Tag Archives: nfa

Converting a NFA to a DFA by subset construction, Regular expressions part 2

Welcome again to the understanding regular expressions series, the previous part is located here if you missed it. Much like the dragon book you probably really can’t read these things out of order. Last time we ended with a really nice non deterministic finite automata, but in order to make it work in a deterministic fashion we will need to transform it. Again, a deterministic machine is the mirror image of a nondeterministic machine, it will achieve exactly the same thing but in a different fashion.

For reference, a nondeterministic finite automata:

  • One entry state
  • May contain epsilon transitions
  • One input may lead to several new states
  • One accepting state

It’s cousin the deterministic finite automata (DFA) has these properties:

  • One entry state
  • May not contain epsilon transition
  • One input may only lead to one state
  • May have several accepting states

The key thing about the DFA is that we can easily convert it to a table and run it through our very simple engine, giving us very nice run-times of O(n).
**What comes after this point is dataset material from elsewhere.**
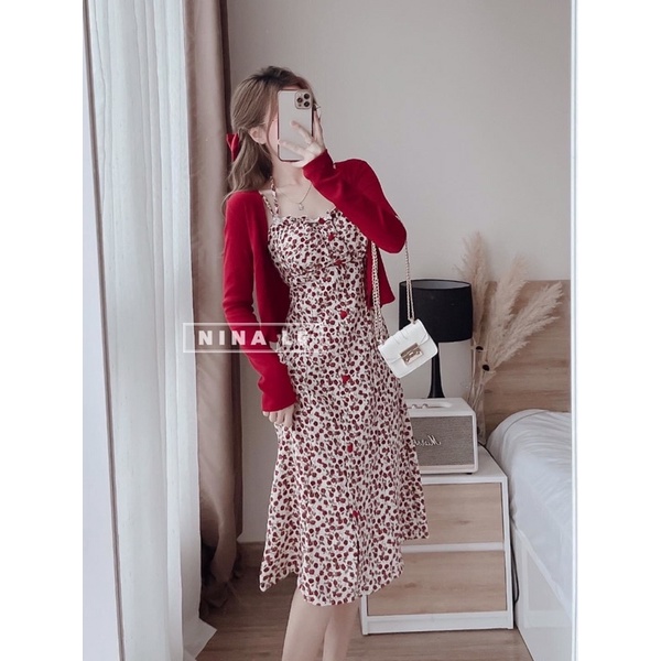 Set đầm nữ 2 dây hoa đỏ kèm áo khoác len tăm siêu cá tính diện tết đi chơi hay đi làm đều xinh

So how to convert this machine? The algorithm used here is called closure and it is very cool indeed. It is also used in a different variation for parser generation, which is why it’s almost a must to understand regular expressions before starting to truly understand parser generators. Here it is

Given a list of states the closure set is all the sets that can be reached without any input, including the input states themselves

The function will have an input of one or more states, and return a set of states which will at least contain the input states. In pseudo C# code it looks like this. I myself much prefer pseudocode that is much closer to real code – it leaves much less to the imagination of the reader.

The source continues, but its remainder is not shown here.